▶ [Task requirements]
Write out, exactly and only, the lines that run from the top of the records to the line with "2018年11月21日,黃奇". Include both ends; exclude pictures.

▶ [Excerpted data]
----------------------------------------

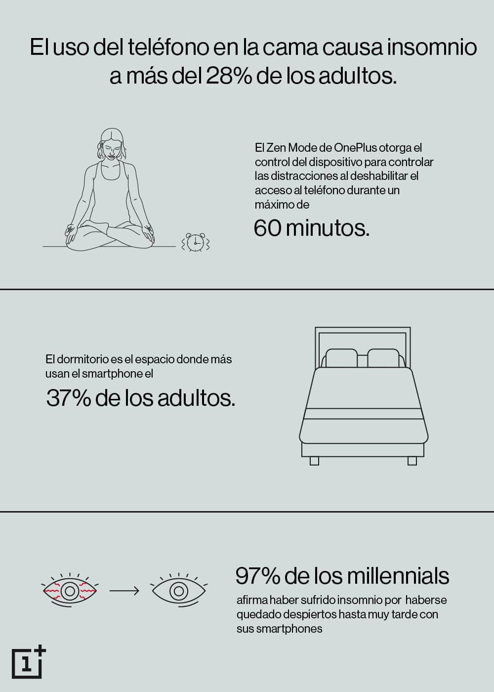 «La tecnología debería existir para mejorar la vida de las personas, no para interponerse en ella. Con respecto al sueño, la innovación tecnológica debe ofrecer distintas opciones para que los usuarios puedan dormir bien y, por esta razón, desde OnePlus queremos ayudar a las personas a que puedan centrarse en lo que realmente les importa. Este deseo nos ha llevado a seguir invirtiendo en tecnología líder de pantalla para ofrecer un dispositivo de 90 Hz con funciones clave como el panel E3 que reduce drásticamente la luz azul en un 42%, el modo oscuro que garantiza un visionado más cómodo en condiciones de poca luz, y el Modo Zen que otorga el control del dispositivo a su usuario para controlar las distracciones al deshabilitar el acceso al teléfono durante un máximo de 60 minutos», explica David Sanmartín, responsable de OnePlus en España.
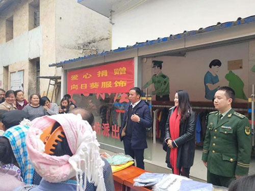 2018年11月21日,黃奇輝帶領(lǐng)向日葵愛心團(tuán)隊(duì)來到位于文山富寧縣田蓬鎮(zhèn)郎恒鄉(xiāng)的郎恒邊防派出所,給那里的老人和孩子們送去了價值20萬元的兩千套衣服。
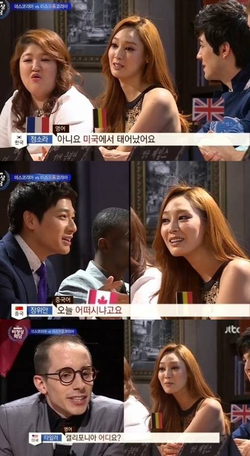 '비정상회담' 정소라가 능통한 3개 외국어를 뽐냈다.지난 14일 방송된 JTBC '비정상회담'에서는 첫 여성게스트로 개그우먼 이국주와 2010년 미스코리아 진 정소라가 출연해 '혼전 동거'에 대해 솔직한 입담을 펼쳤다.이날 정소라는 고려대학교 일어일문학과 출신이라는 소개와 함께 일본어, 중국어, 영어 등 유창한 3개 외국어를 구사해 눈길을 끌었다.정소라는 "미국에서 태어나고 중국에서 7년을 살았다"며 중국의 장위안, 미국의 타일러와 가벼운 대화를 나누며 엄친딸임을 입증했다.한편, '비정상회담'은 전현무, 유세윤, 성시경 3명의 MC와 각국 비정상 대표들인 11명의 외국인 패널이 출연해 한국 청춘들이 봉착한 현실적 문제를 토론하는 형식의 새로운 글로벌 토크쇼. 매주 월요일 밤 11시 방송된다.[비정상회담 정소라, 사진=JTBC '비정상회담' 방송 캡처]
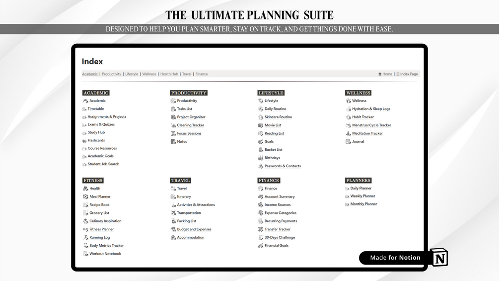 - Comprehensive Sections : Manage your life seamlessly with dedicated areas for LIFE PLANNERS, ACADEMIC HUB, PRODUCTIVITY, LIFESTYLE, WELLNESS, NUTRITION & FITNESS, TRAVEL, AND FINANCE.
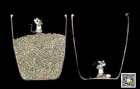 比如,有一个寓言故事是这么说的:老鼠每天跳到米缸里去偷吃米,吃完之后跳出来。它也不用去干活,很容易就得到一口饭吃,很轻松。后来有一天,它跳进去,发现跳不出来了,那高度太高了。它只能深陷在这个米缸里,吃在里边,拉在里边,so what?被活活饿死在里面,和那个米缸一起被倒掉了。
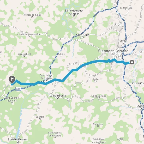 Prendre à droite et rejoindre A89. Continuer sur 750 mètres
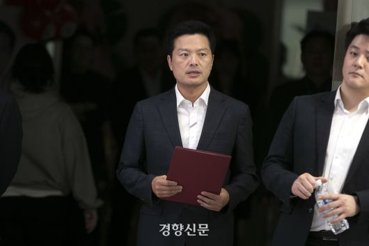 2023년 10월11일 김태우 당시 강서구청장 보궐선거 후보자가 진교훈 더불어민주당 후보에게 큰 표 차이로 지는 결과가 나오자 패배를 인정하는 연설을 하기 위해 강서구 마곡동 선거사무소로 들어오고 있다. 사진공동취재단 |
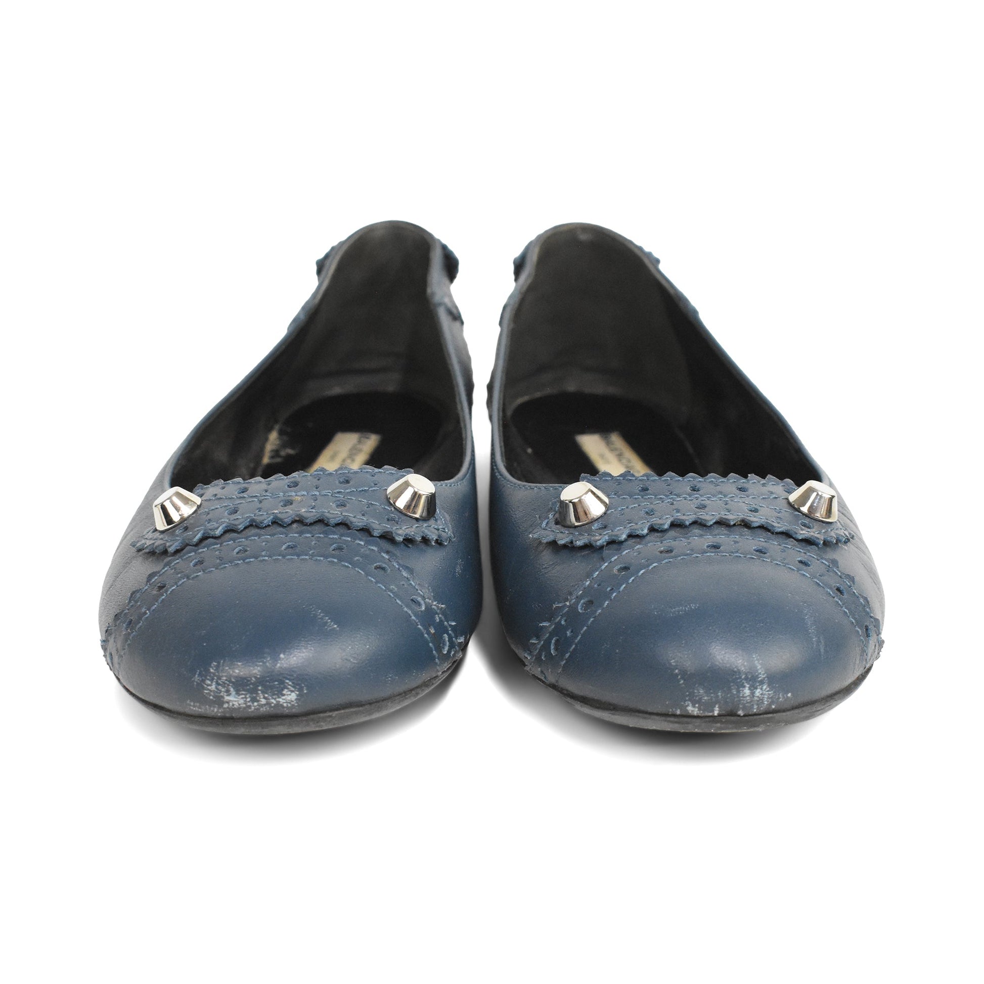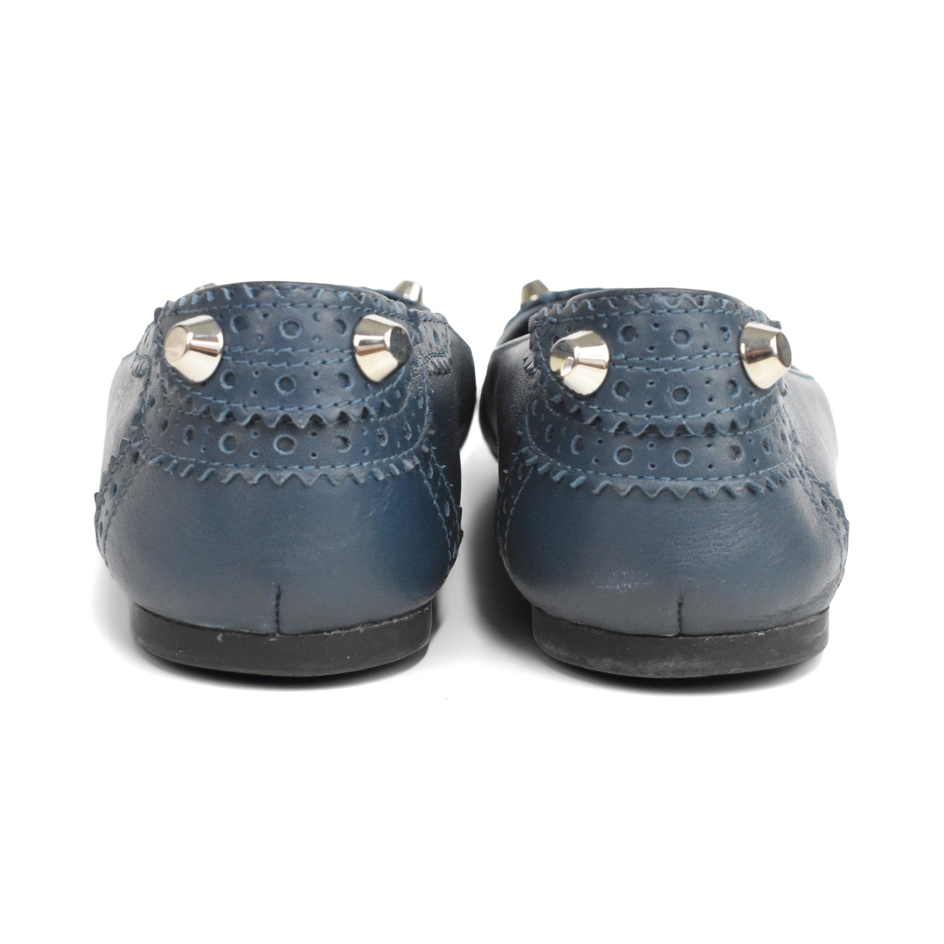 Balenciaga 'Arena' flats in blue leather with a perforated lace-like trim and silver stud hardware.

----------------------------------------

▶ [Exercise response]
 «La tecnología debería existir para mejorar la vida de las personas, no para interponerse en ella. Con respecto al sueño, la innovación tecnológica debe ofrecer distintas opciones para que los usuarios puedan dormir bien y, por esta razón, desde OnePlus queremos ayudar a las personas a que puedan centrarse en lo que realmente les importa. Este deseo nos ha llevado a seguir invirtiendo en tecnología líder de pantalla para ofrecer un dispositivo de 90 Hz con funciones clave como el panel E3 que reduce drásticamente la luz azul en un 42%, el modo oscuro que garantiza un visionado más cómodo en condiciones de poca luz, y el Modo Zen que otorga el control del dispositivo a su usuario para controlar las distracciones al deshabilitar el acceso al teléfono durante un máximo de 60 minutos», explica David Sanmartín, responsable de OnePlus en España.
 2018年11月21日,黃奇輝帶領(lǐng)向日葵愛心團(tuán)隊(duì)來到位于文山富寧縣田蓬鎮(zhèn)郎恒鄉(xiāng)的郎恒邊防派出所,給那里的老人和孩子們送去了價值20萬元的兩千套衣服。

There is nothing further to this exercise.